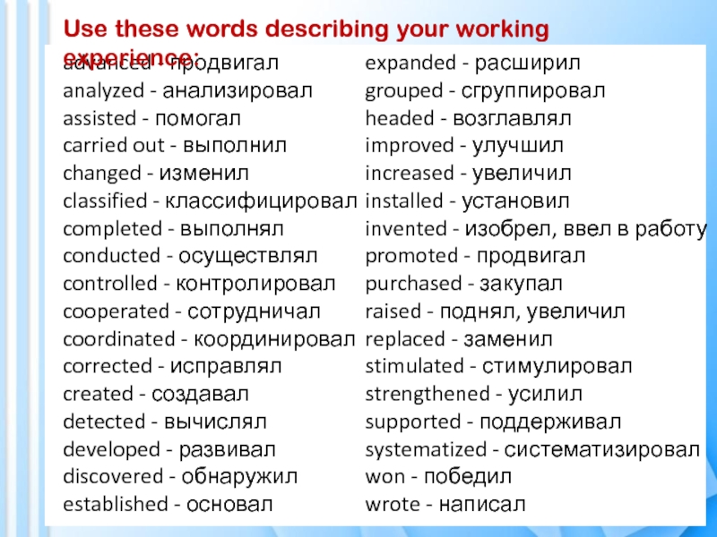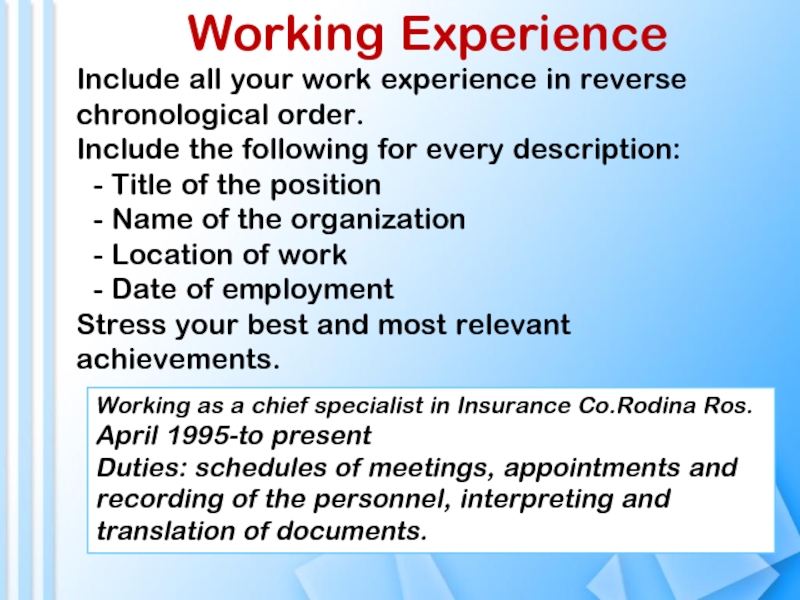 Employment (Профессиональный опыт)Positions of responsibilities (социальная активность)
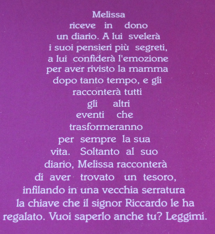 Ho incontrato il suo primo libro su Melissa l’anno scorso e, qualche tempo fa, ho avuto la bella sorpresa di scoprire che le avventure della piccola protagonista proseguivano in due altri volumi: “La misteriosa chiave di Melissa” e “Melissa e il tesoro di enigma”.
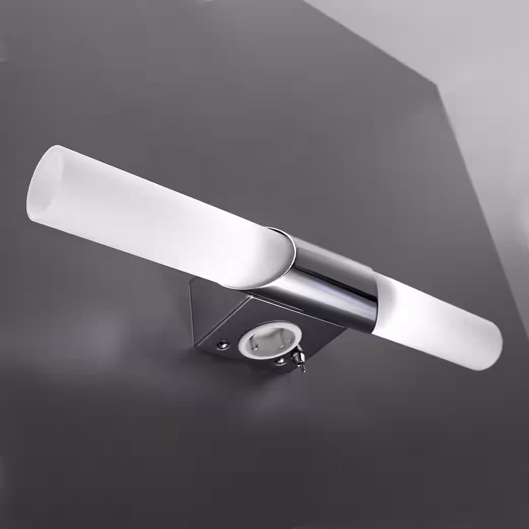 - Durable wall lights for the bathroom made of metal and glass, featuring a toggle switch and an integrated socket.
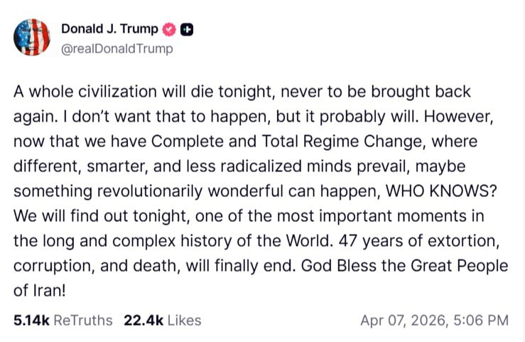 «Сегодня ночью погибнет целая цивилизация, и её уже никогда не вернуть. Я не хочу, чтобы это произошло, но, вероятно, так и будет. Однако теперь, когда произошло полное и тотальное изменение режима, где преобладают другие, более умные и менее радикальные взгляды, возможно, произойдёт что-то революционно замечательное — кто знает?» заявил Трамп.
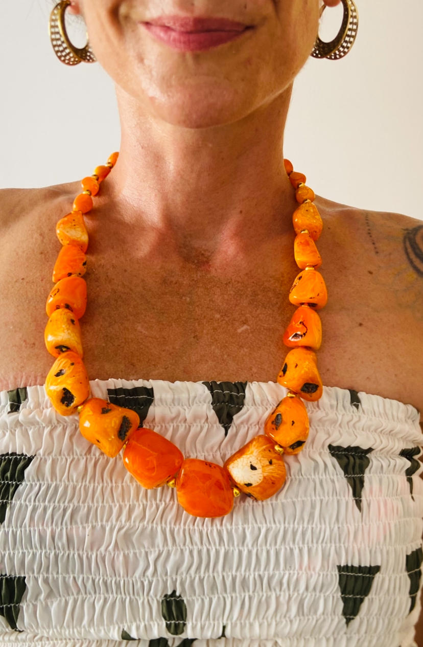 Este collar artesanal con piedras grandes es un accesorio bohemio que aporta fuerza y color a cualquier conjunto.
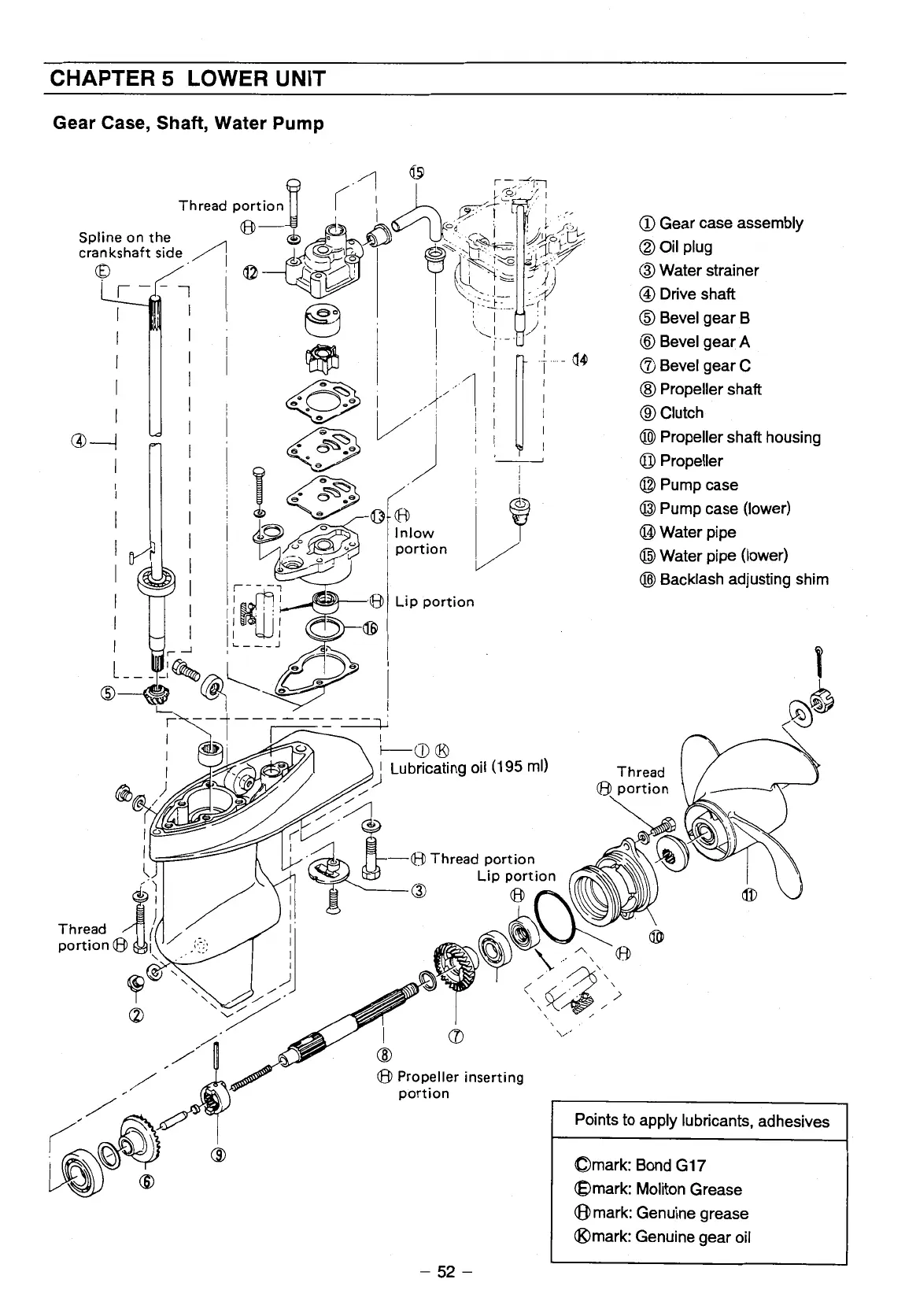 TOHATSU 5 - Gear Case, Shaft, Water Pump
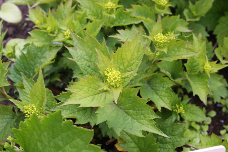 Morfoloģija. Stumbri stāvi. Lapas zaļas, zeltaini dzeltenas rudenī, līdz 15 cm garas, plati ovālas, ar zobainu vai daivainu malu. Ziedi dzelteni, sīki, ziedkopās stumbru galos, līdz 10 cm diametrā. Zied jūnijā –augustā.
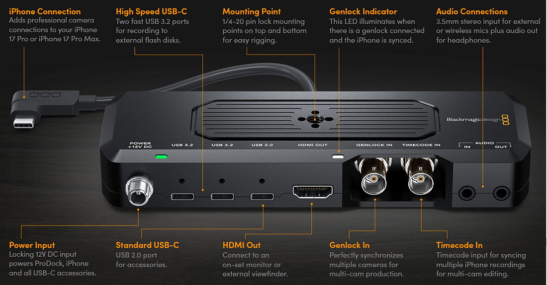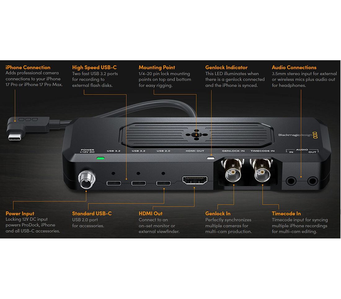 A Blackmagic Camera ProDock lehetővé teszi az iPhone számára professzionális produkciókba való integrálását. Az iPhone-t a ProDock-hoz kötve egy USB-C kábellel az iPhone-ról elérhetővé válnak a ProDock interfészei, melyeket különböző kiegészítők, hangrögzítő eszközök, külső tárolóeszközök és vezérlők csatlakoztatásához alakítottak ki. A ProDock rendelkezik Genlock és Timecode csatlakozásokkal a felvételek szinkronizálásához, 3x USB-C porttal kameravezérlőkhöz vagy merevlemezekhez felvételek tárolásához, 1x HDMI kimenettel a felvételek monitorozásához, és 2x 3,5mm audio csatlakozással mikrofonhoz és fejhallgatóhoz.
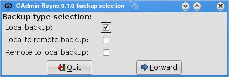 As you saw when we did this at the command line, rsync backups can be local, to a remote system or from a remote system. The next window looks for that very information (Figure 4). By default, local backup is checked. To back up to a remote server, select Local to remote backup. Because you can swap source and destination easily when using rsync, there's that third option. I routinely use a remote to local backup for my Web sites and remote systems. Click Forward to continue.
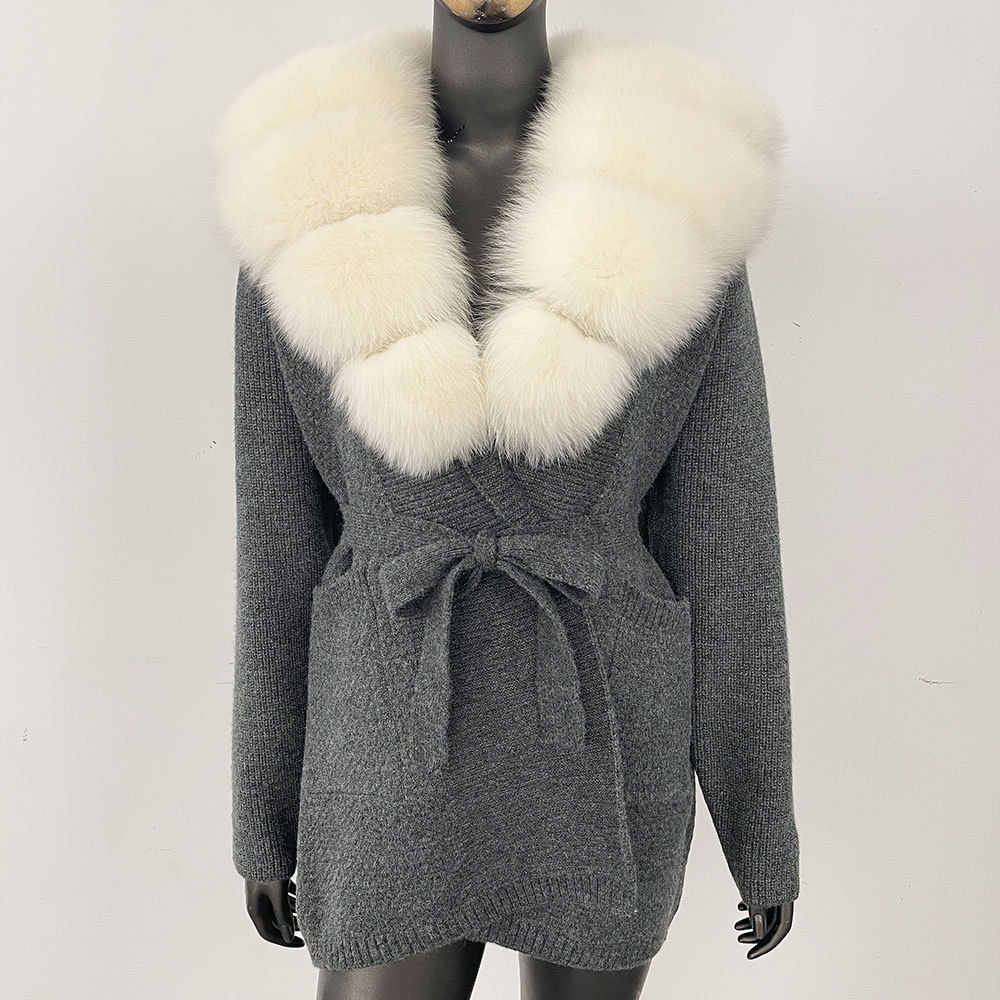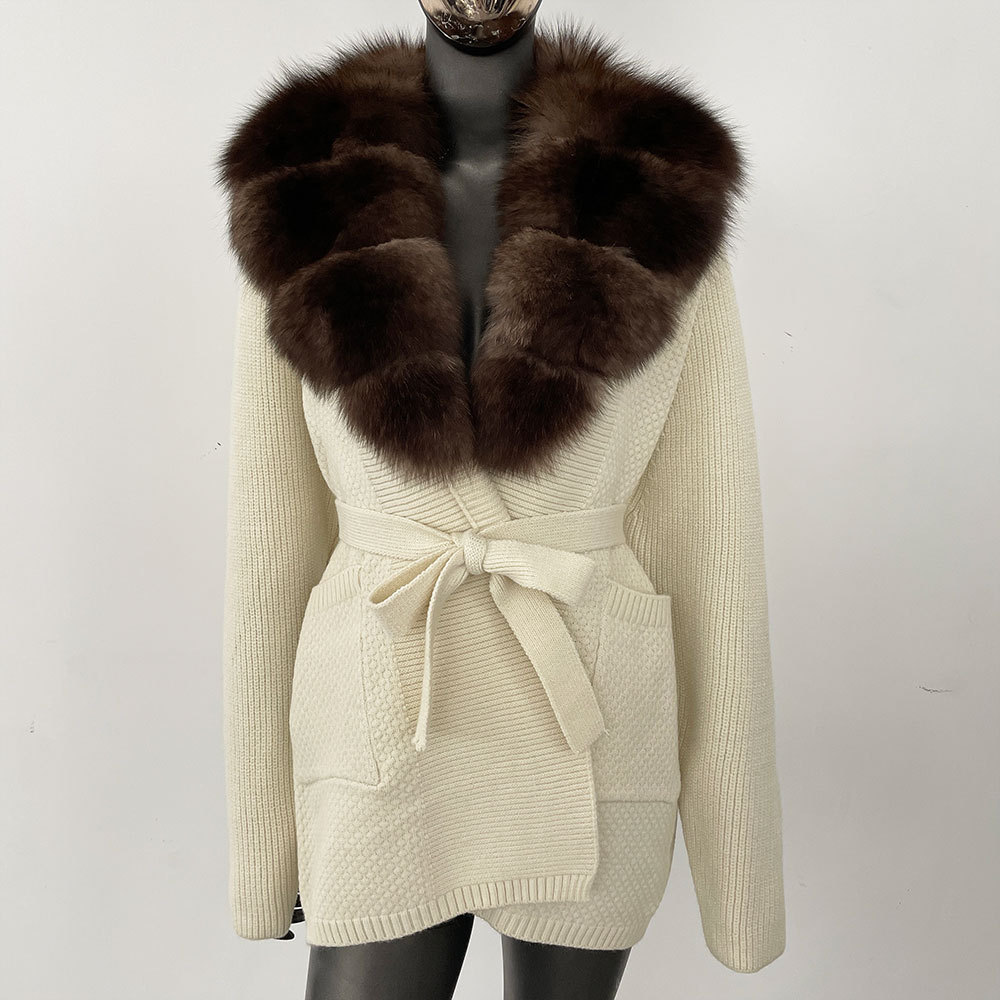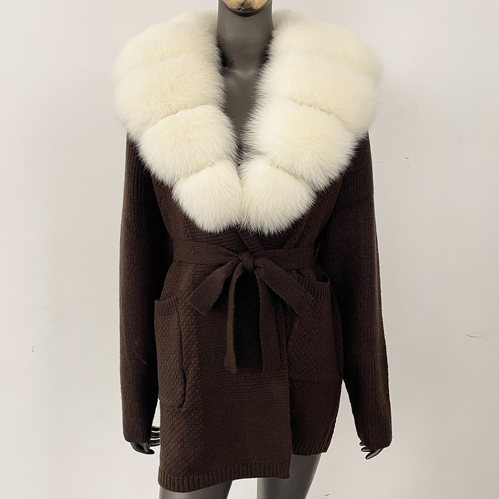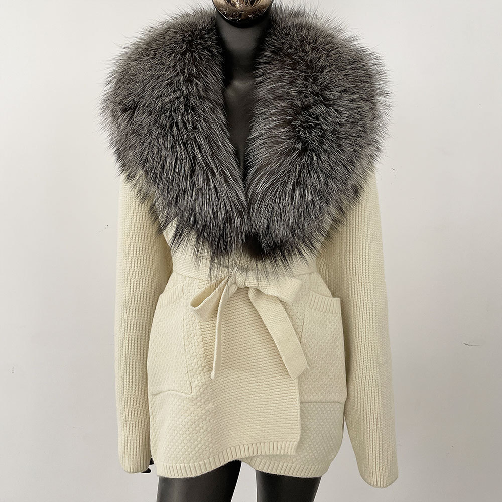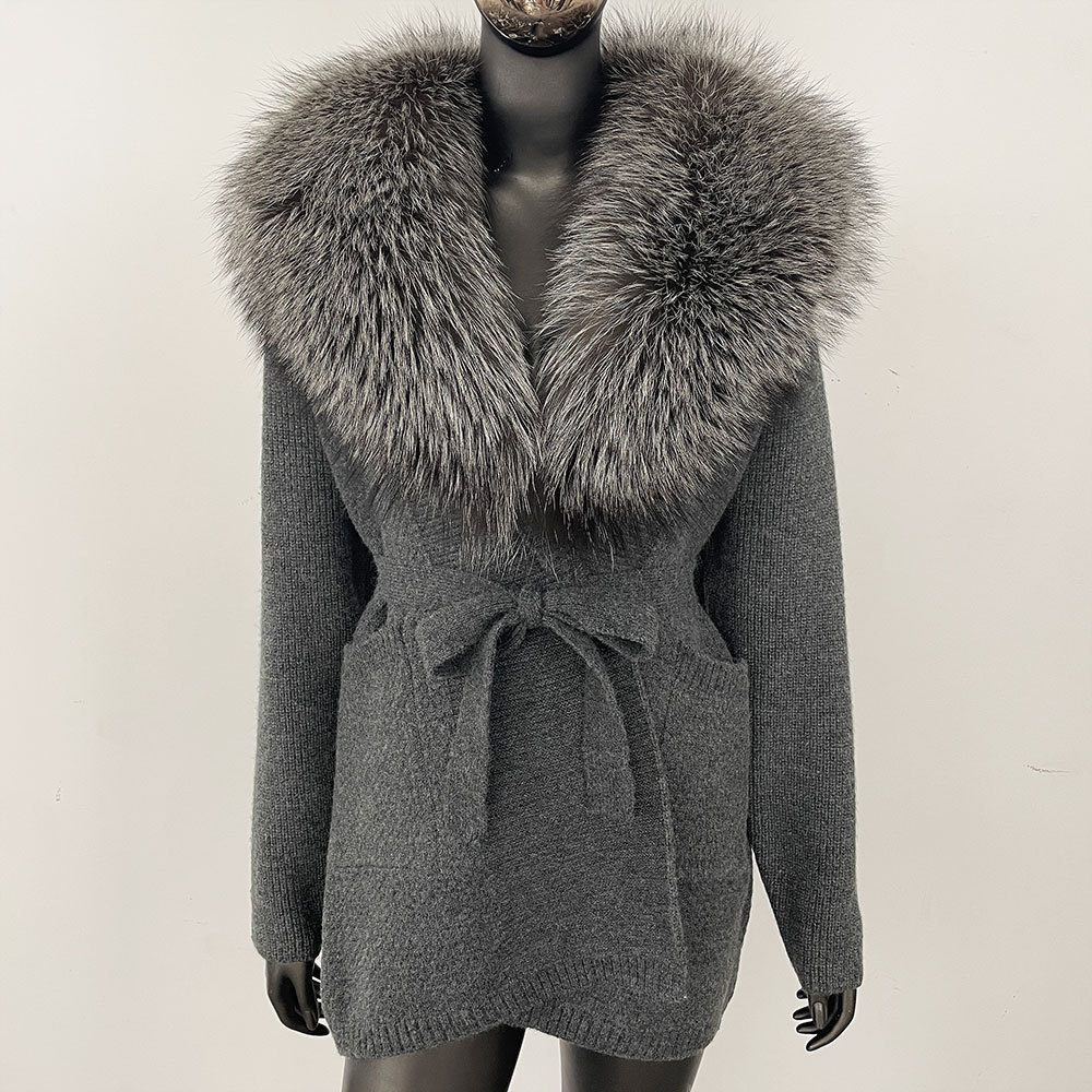 25 봄과 가을 새로운 슈퍼 대형 리얼 폭스 목걸이 니트 카디건 스웨터 여성용 세련된 슬리밍 미드 길이 니트 재킷
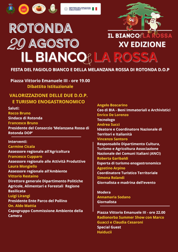 Talk, show cooking, degustazioni, musica e animazione dal vivo, sono questi gli ingredienti della quindicesima edizione de ‘ il Bianco e la Rossa’ la manifestazione che Rotonda dedica ai suoi prodotti Dop, la melanzana rossa e il fagiolo bianco, organizzata dai due Consorzi di tutela assieme all’amministrazione comunale, alla Regione Basilicata e al Ministero dell’Agricoltura, della Sovranità Alimentare e delle Foreste.
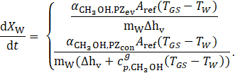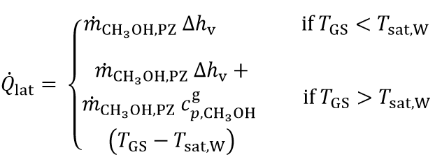 Eq. 6 distinguishes between evaporation (first case) and condensation (second case). In the condensation case, the second term accounts for the sensible heat associated with the superheated methanol vapor, where is the specific heat capacity of methanol vapor.

> _WHAT YOU SHOULD DO_: In the data above, please extract the lines from the first one through the line with "A Blackmagic Camera", exactly, and keep pictures out.

> _COMPLETED EXERCISE_:
 Employment (Профессиональный опыт)Positions of responsibilities (социальная активность)
 Ho incontrato il suo primo libro su Melissa l’anno scorso e, qualche tempo fa, ho avuto la bella sorpresa di scoprire che le avventure della piccola protagonista proseguivano in due altri volumi: “La misteriosa chiave di Melissa” e “Melissa e il tesoro di enigma”.
 - Durable wall lights for the bathroom made of metal and glass, featuring a toggle switch and an integrated socket.
 «Сегодня ночью погибнет целая цивилизация, и её уже никогда не вернуть. Я не хочу, чтобы это произошло, но, вероятно, так и будет. Однако теперь, когда произошло полное и тотальное изменение режима, где преобладают другие, более умные и менее радикальные взгляды, возможно, произойдёт что-то революционно замечательное — кто знает?» заявил Трамп.
 Este collar artesanal con piedras grandes es un accesorio bohemio que aporta fuerza y color a cualquier conjunto.
 TOHATSU 5 - Gear Case, Shaft, Water Pump
 Morfoloģija. Stumbri stāvi. Lapas zaļas, zeltaini dzeltenas rudenī, līdz 15 cm garas, plati ovālas, ar zobainu vai daivainu malu. Ziedi dzelteni, sīki, ziedkopās stumbru galos, līdz 10 cm diametrā. Zied jūnijā –augustā.
 A Blackmagic Camera ProDock lehetővé teszi az iPhone számára professzionális produkciókba való integrálását. Az iPhone-t a ProDock-hoz kötve egy USB-C kábellel az iPhone-ról elérhetővé válnak a ProDock interfészei, melyeket különböző kiegészítők, hangrögzítő eszközök, külső tárolóeszközök és vezérlők csatlakoztatásához alakítottak ki. A ProDock rendelkezik Genlock és Timecode csatlakozásokkal a felvételek szinkronizálásához, 3x USB-C porttal kameravezérlőkhöz vagy merevlemezekhez felvételek tárolásához, 1x HDMI kimenettel a felvételek monitorozásához, és 2x 3,5mm audio csatlakozással mikrofonhoz és fejhallgatóhoz.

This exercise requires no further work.